#### Problem to solve
Print exactly the lines below between the line containing "Детская 3D ручка, Ручка" and the line containing "第二题,搭建Java程序框架", counting both of those lines. Leave pictures out.

#### Supplied records
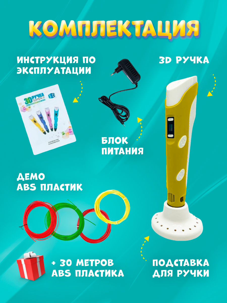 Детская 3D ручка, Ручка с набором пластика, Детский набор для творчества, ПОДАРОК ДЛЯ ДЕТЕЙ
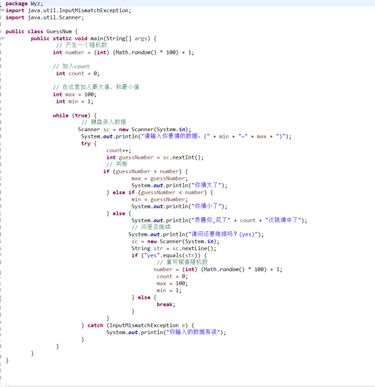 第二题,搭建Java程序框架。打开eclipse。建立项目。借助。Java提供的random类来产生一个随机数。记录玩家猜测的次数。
---
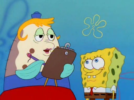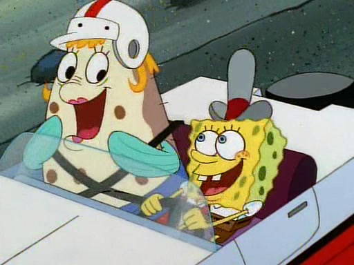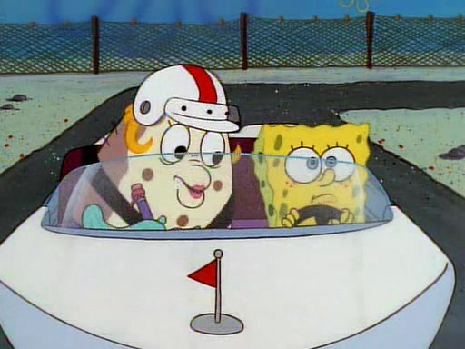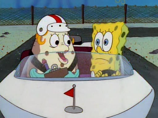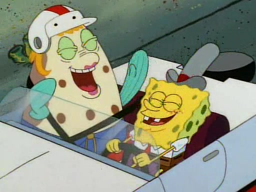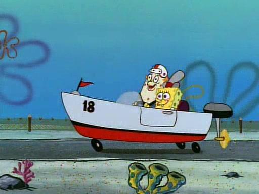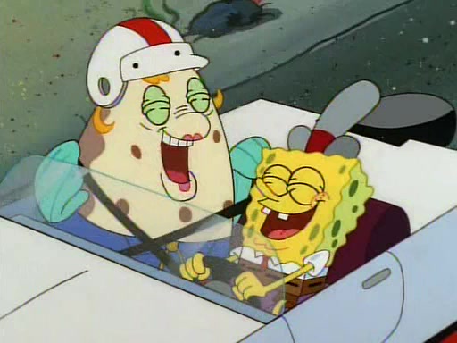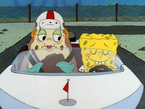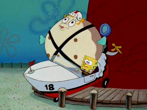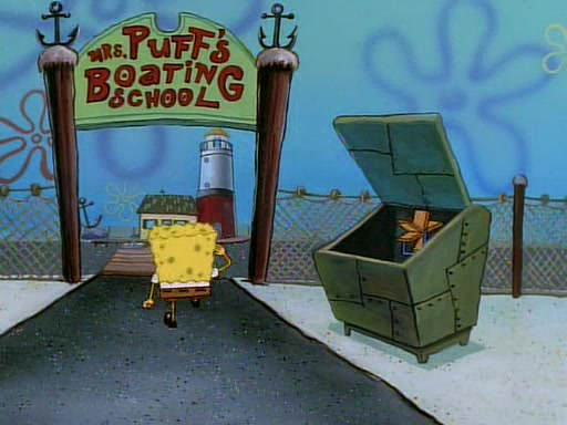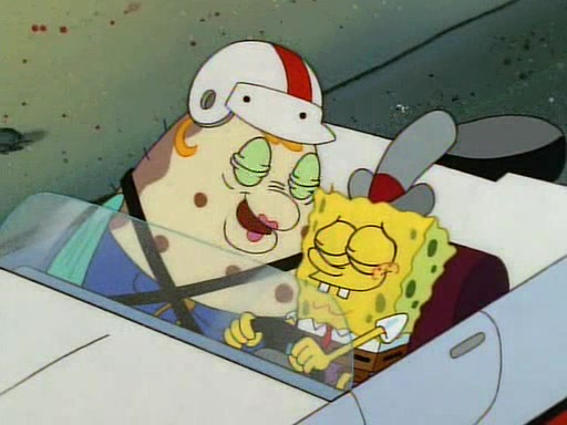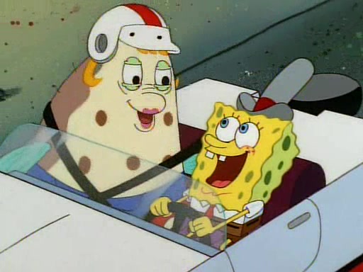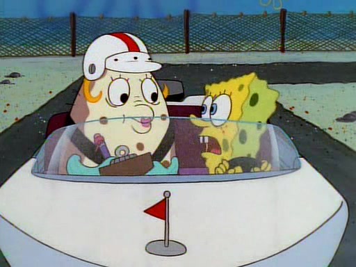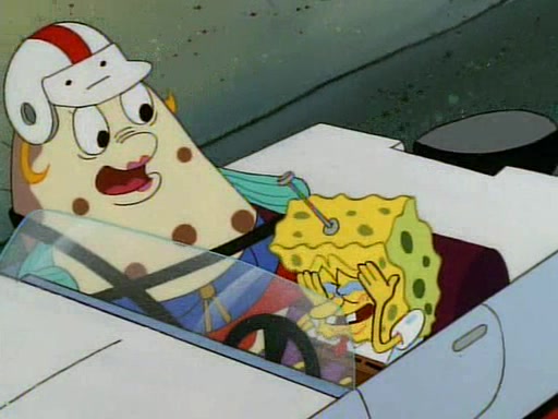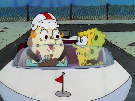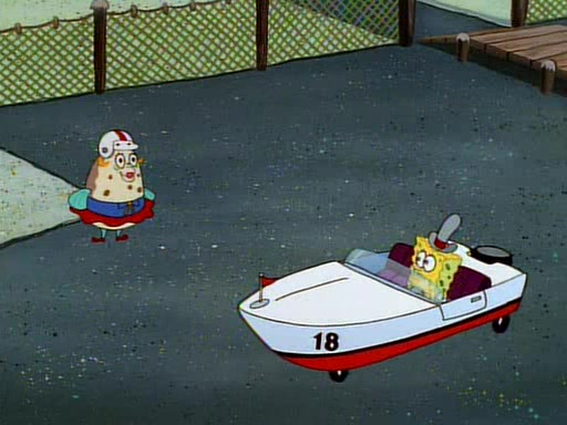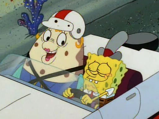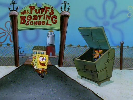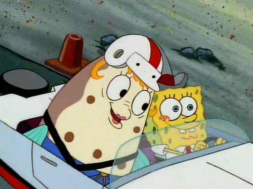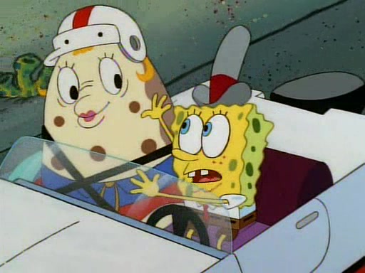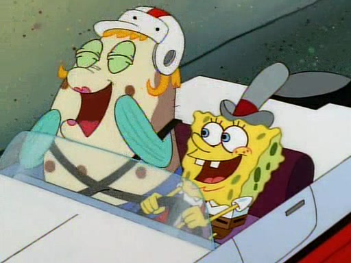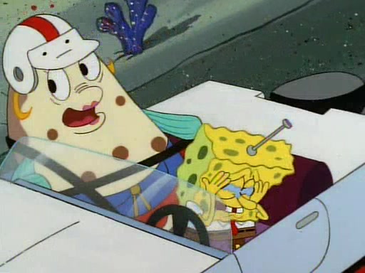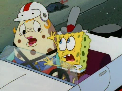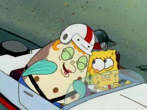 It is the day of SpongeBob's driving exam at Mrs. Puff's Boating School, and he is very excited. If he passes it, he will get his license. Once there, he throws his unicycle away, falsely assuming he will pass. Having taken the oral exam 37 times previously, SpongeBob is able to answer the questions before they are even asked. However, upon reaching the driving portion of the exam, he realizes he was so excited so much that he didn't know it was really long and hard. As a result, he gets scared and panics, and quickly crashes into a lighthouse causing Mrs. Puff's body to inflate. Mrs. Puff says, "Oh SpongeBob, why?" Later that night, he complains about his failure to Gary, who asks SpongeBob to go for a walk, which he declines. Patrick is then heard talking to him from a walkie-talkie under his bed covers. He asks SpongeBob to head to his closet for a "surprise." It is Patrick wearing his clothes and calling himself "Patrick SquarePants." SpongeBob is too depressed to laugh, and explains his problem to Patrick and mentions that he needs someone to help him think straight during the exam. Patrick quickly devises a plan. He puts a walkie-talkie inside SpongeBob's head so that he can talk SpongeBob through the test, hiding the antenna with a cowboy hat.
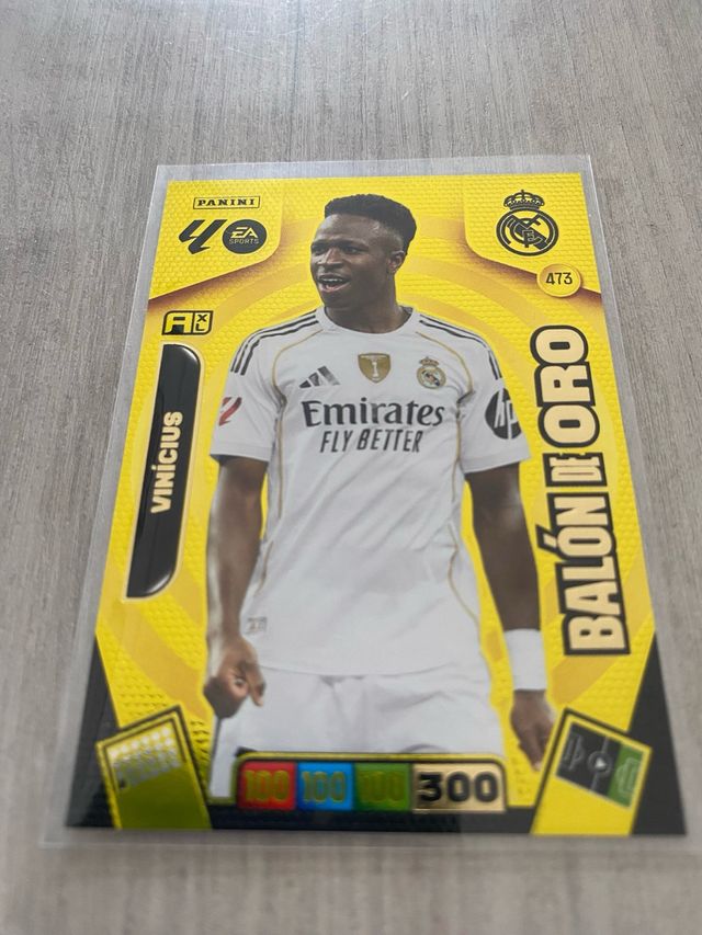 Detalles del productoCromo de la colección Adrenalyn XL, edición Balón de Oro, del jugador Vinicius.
...
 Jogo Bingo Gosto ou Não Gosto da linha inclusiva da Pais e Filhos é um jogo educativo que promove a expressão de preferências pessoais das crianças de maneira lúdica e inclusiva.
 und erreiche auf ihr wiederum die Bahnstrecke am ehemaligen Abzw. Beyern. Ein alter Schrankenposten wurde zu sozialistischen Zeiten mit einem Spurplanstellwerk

#### Expected answer
 Детская 3D ручка, Ручка с набором пластика, Детский набор для творчества, ПОДАРОК ДЛЯ ДЕТЕЙ
 第二题,搭建Java程序框架。打开eclipse。建立项目。借助。Java提供的random类来产生一个随机数。记录玩家猜测的次数。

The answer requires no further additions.